• ASSIGNMENT:
Images are to be excluded, and the rest of the data repeated exactly.

*** SUPPLIED DATA Section Begins ***

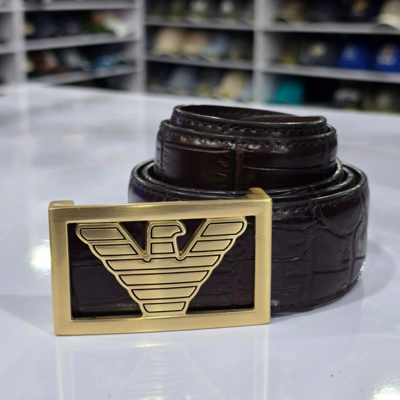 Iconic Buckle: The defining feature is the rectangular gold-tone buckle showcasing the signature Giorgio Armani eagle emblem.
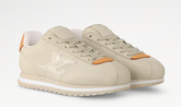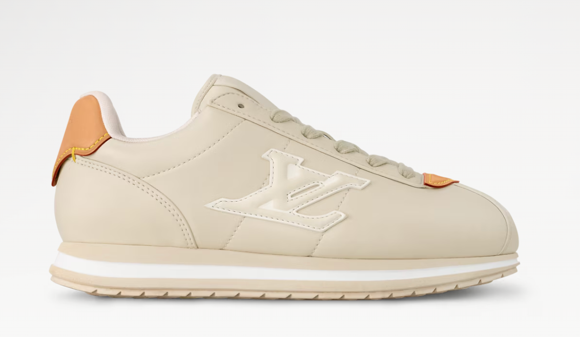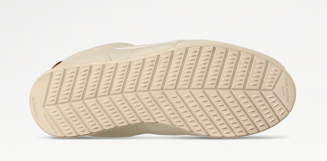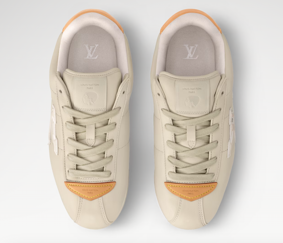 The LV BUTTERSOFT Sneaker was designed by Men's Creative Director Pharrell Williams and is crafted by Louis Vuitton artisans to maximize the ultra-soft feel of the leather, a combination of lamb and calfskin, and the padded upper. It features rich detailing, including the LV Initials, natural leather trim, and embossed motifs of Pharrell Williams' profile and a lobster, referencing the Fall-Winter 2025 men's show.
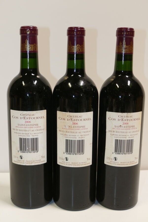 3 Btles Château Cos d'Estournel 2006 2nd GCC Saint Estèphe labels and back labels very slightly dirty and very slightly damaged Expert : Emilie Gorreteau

*** SUPPLIED DATA Section Ends ***

• RESULT FOR THIS TASK:
 Iconic Buckle: The defining feature is the rectangular gold-tone buckle showcasing the signature Giorgio Armani eagle emblem.
 The LV BUTTERSOFT Sneaker was designed by Men's Creative Director Pharrell Williams and is crafted by Louis Vuitton artisans to maximize the ultra-soft feel of the leather, a combination of lamb and calfskin, and the padded upper. It features rich detailing, including the LV Initials, natural leather trim, and embossed motifs of Pharrell Williams' profile and a lobster, referencing the Fall-Winter 2025 men's show.
 3 Btles Château Cos d'Estournel 2006 2nd GCC Saint Estèphe labels and back labels very slightly dirty and very slightly damaged Expert : Emilie Gorreteau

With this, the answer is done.